Each line starting at the one that contains "首先,我们需要打开本身手机上" and ending at the one that contains "園内の一角には、恒久平和と犠牲者の霊を慰めるために「原爆慰霊碑」がありました。" must be returned exactly, and the rest of the listing is left out.

__Extracted records__
==============================

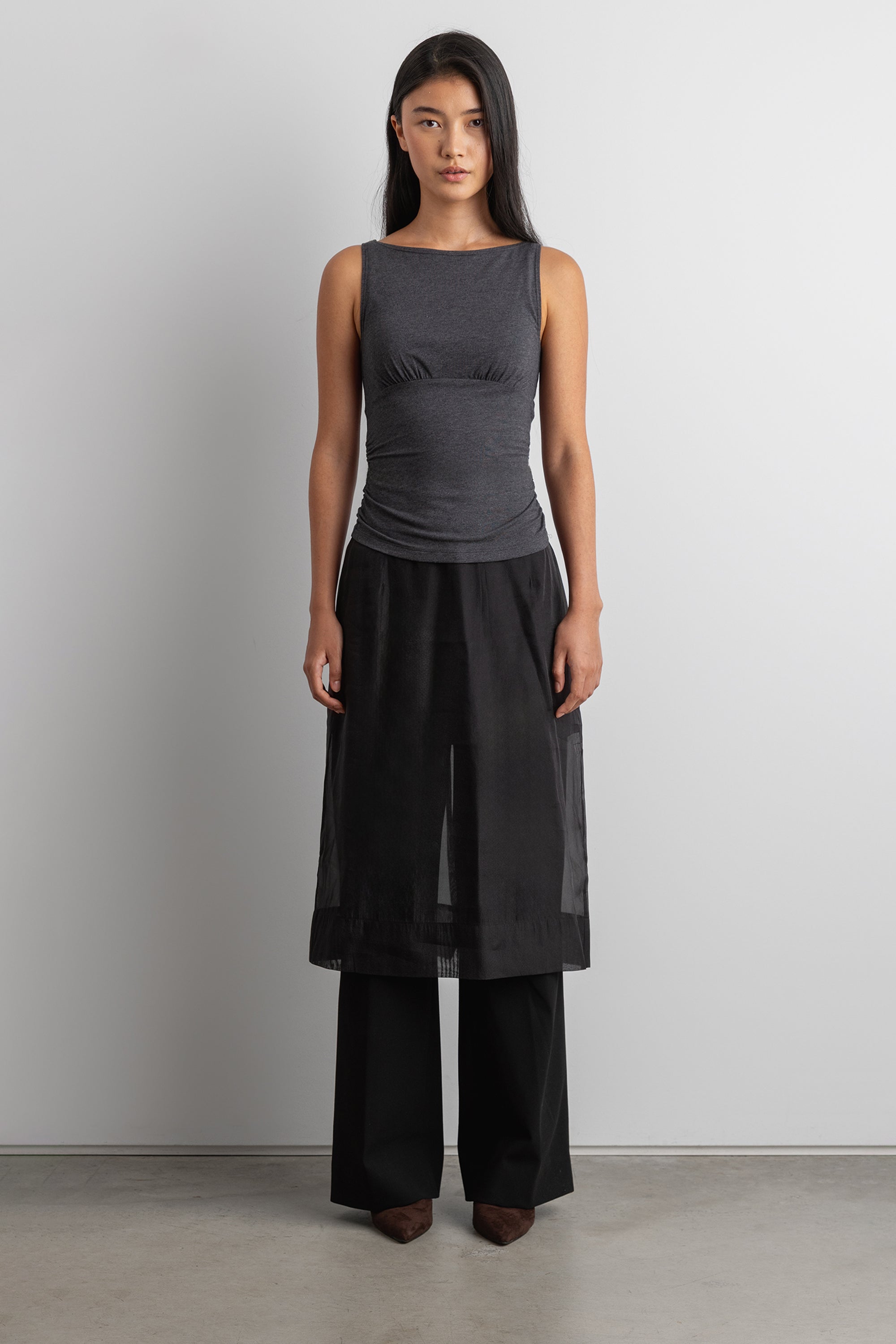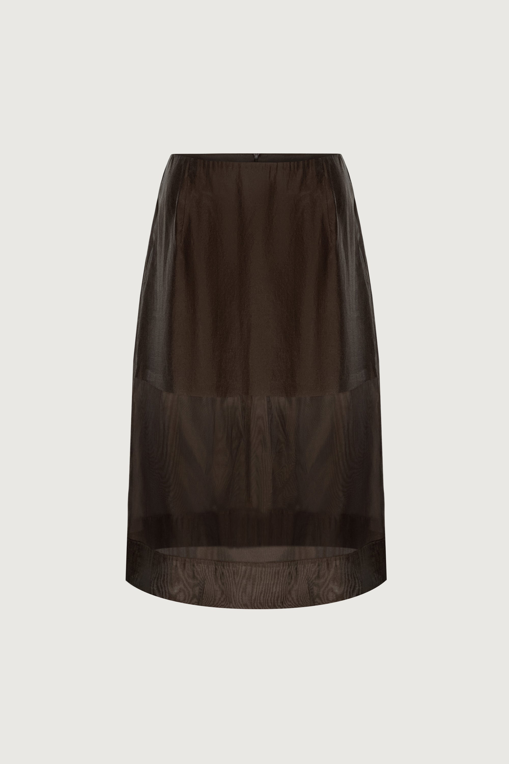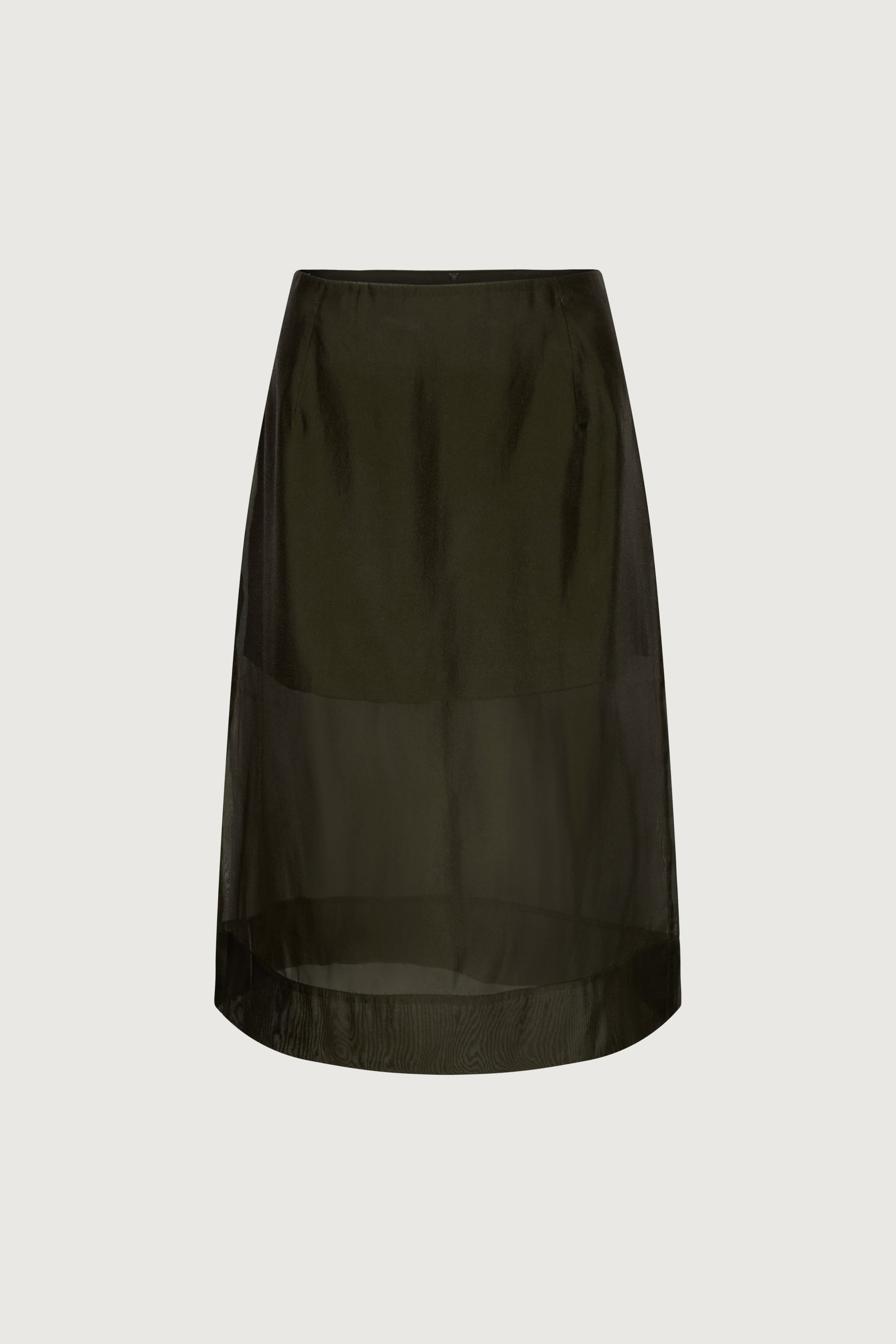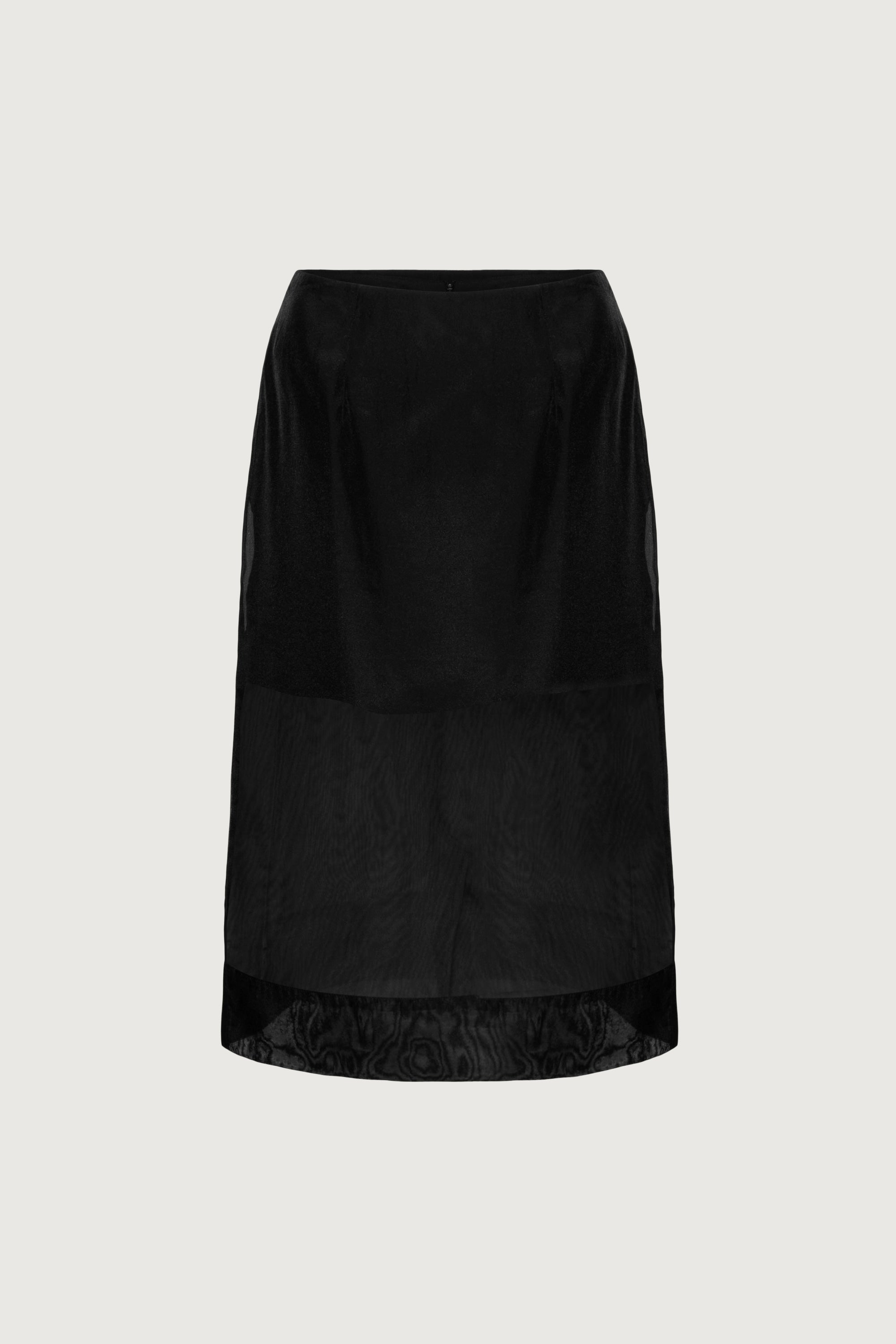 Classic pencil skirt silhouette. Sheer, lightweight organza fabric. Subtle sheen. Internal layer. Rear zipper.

==============================

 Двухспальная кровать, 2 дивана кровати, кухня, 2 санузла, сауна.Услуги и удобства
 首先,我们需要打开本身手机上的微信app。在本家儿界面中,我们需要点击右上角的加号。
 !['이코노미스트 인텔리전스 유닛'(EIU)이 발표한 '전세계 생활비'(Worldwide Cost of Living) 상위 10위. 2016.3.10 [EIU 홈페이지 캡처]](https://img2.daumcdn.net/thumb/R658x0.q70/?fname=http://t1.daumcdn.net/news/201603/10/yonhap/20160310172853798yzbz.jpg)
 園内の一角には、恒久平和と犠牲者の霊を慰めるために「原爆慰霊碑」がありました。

==============================

__Solution__
 首先,我们需要打开本身手机上的微信app。在本家儿界面中,我们需要点击右上角的加号。
 !['이코노미스트 인텔리전스 유닛'(EIU)이 발표한 '전세계 생활비'(Worldwide Cost of Living) 상위 10위. 2016.3.10 [EIU 홈페이지 캡처]](https://img2.daumcdn.net/thumb/R658x0.q70/?fname=http://t1.daumcdn.net/news/201603/10/yonhap/20160310172853798yzbz.jpg)
 園内の一角には、恒久平和と犠牲者の霊を慰めるために「原爆慰霊碑」がありました。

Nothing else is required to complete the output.